There's an allegation that the adoptive mother hit the boy once. A neighbor claims that the boy chose to live on the street rather than follow the rules laid down. After returning to Russia, he attempted to shoplift three cans of coffee and was arrested.

You can see a (brief) interview with him here.

It's a sad story, all around.
Interesting link, Green Irish Eyes.

I get the impression that he originally went to the US as part of one of those Host Family things (a bit like Sheena's Ukrainian program) and was then adopted. This article seems to give that impression:

http://en.beta.rian.ru/russia/201303...S-Streets.html

Quote:
The Salottis adopted Joshua and another Russian boy, Sam Salotti, after meeting them through their church five or six years ago, the relative said.
“They fell in love with them,” the relative said. “They felt like they had a calling. Something told them that they should help these kids.”
I doubt that he was suffering from RAD. In fact, part of his problem seems to be that he was bonded to his grandmother and sister but because one was too old and one was too young, he ended up in an orphanage (where I am assuming he was visited by said relatives) after his alcoholic father died (I am not sure of his relationship with his mother who seems to have died as well). Quite often, children who have loving relatives in their native country may not actually ever settle properly in their new country because they are missing their relatives in their old country. I think he considers Russia his home. In his situation, he might have been best to be fostered with a Russian family where he could have kept in contact with his grandmother and sister. This is not a situation for every Russian child of course but probably would have been the best one for him.

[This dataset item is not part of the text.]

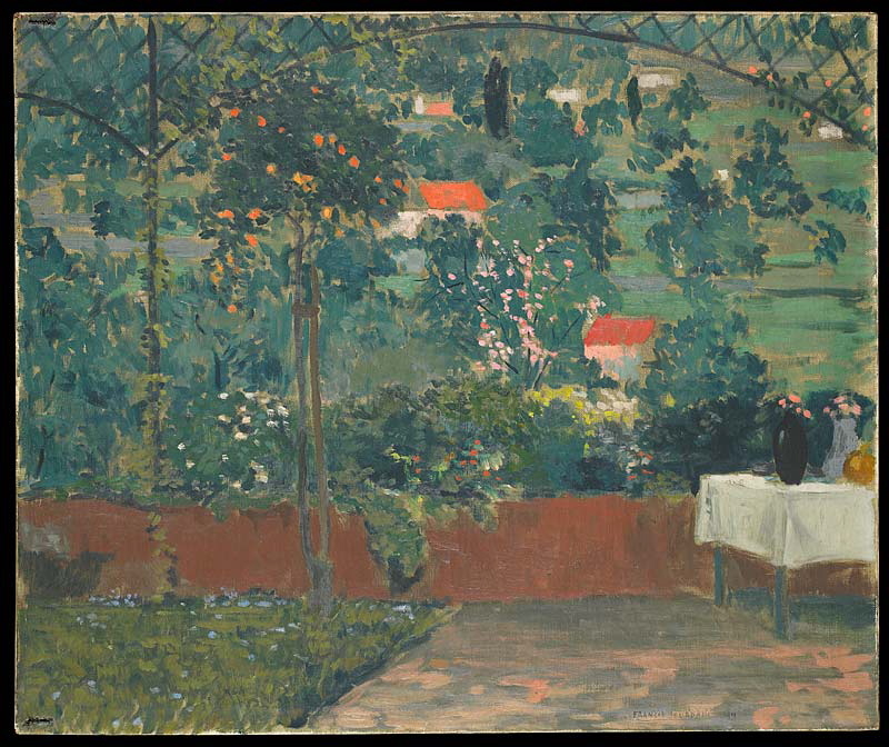 paysage (jardin, arbuste, haie, table : nappe : blanc, vase, village, arbre)
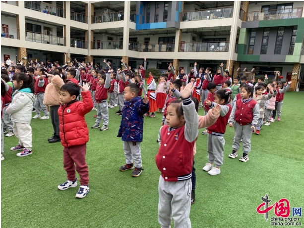 带着牛年的喜气、春天的希望,武侯七幼迎来了“七宝”返园的时刻。在礼仪宝宝的引导下,孩子们敲鼓,摸了葱、苹果、橘子和糖,寓意新的学期孩子们一鼓作气、一鸣惊人、聪明伶俐、平平安安、橙心如意、身体棒棒、学习棒棒,新学期甜蜜如糖。开学典礼在放飞的风筝中拉开序幕,伴随着音乐《奔跑的少年》,体智能老师带领“七宝”们进行体能锻炼。幼儿园园长向全园师幼送上新年祝福,并为孩子们分发了向日葵种子,希望小朋友们在新的一年播种希望,收获成长。

Interestingly, it sounds like Sam, the other child adopted, may have had problems with his mother too:

In Russia, teen complains of adoptive Montco parents - Philly.com

Quote:
Sam Salotti said his parents set strict rules but his brother refused to comply with them.

"It got to the point, my mom said, 'Get out of the house,' " said Sam Salotti, who spoke at the home of neighbors Barbara and Jack Ayling, where he said he has been staying for a few nights while his father is out of town.

The Aylings said they were happy to accommodate Sam Salotti, who is a regular guest in their house.
He said that he also has a difficult relationship with his mother, but that he tried to get along while his brother could not.

His adoptive father gave Josh Salotti his passport, a plane ticket to Russia, and $500, and Josh returned in late December, Sam Salotti and the Aylings said.

Sam Salotti said he spoke Tuesday to the Russian TV editor, who invited him to appear on the show with his brother and offered to reunite him with his own birth relatives.

"I don't care. I'll do any stupid show" to be able to see his mother and birth relatives again, he said.
But if they want to fly him to Moscow, he said, it has to be a round-trip ticket. He is about to graduate from Methacton High School, and he doesn't want to miss that.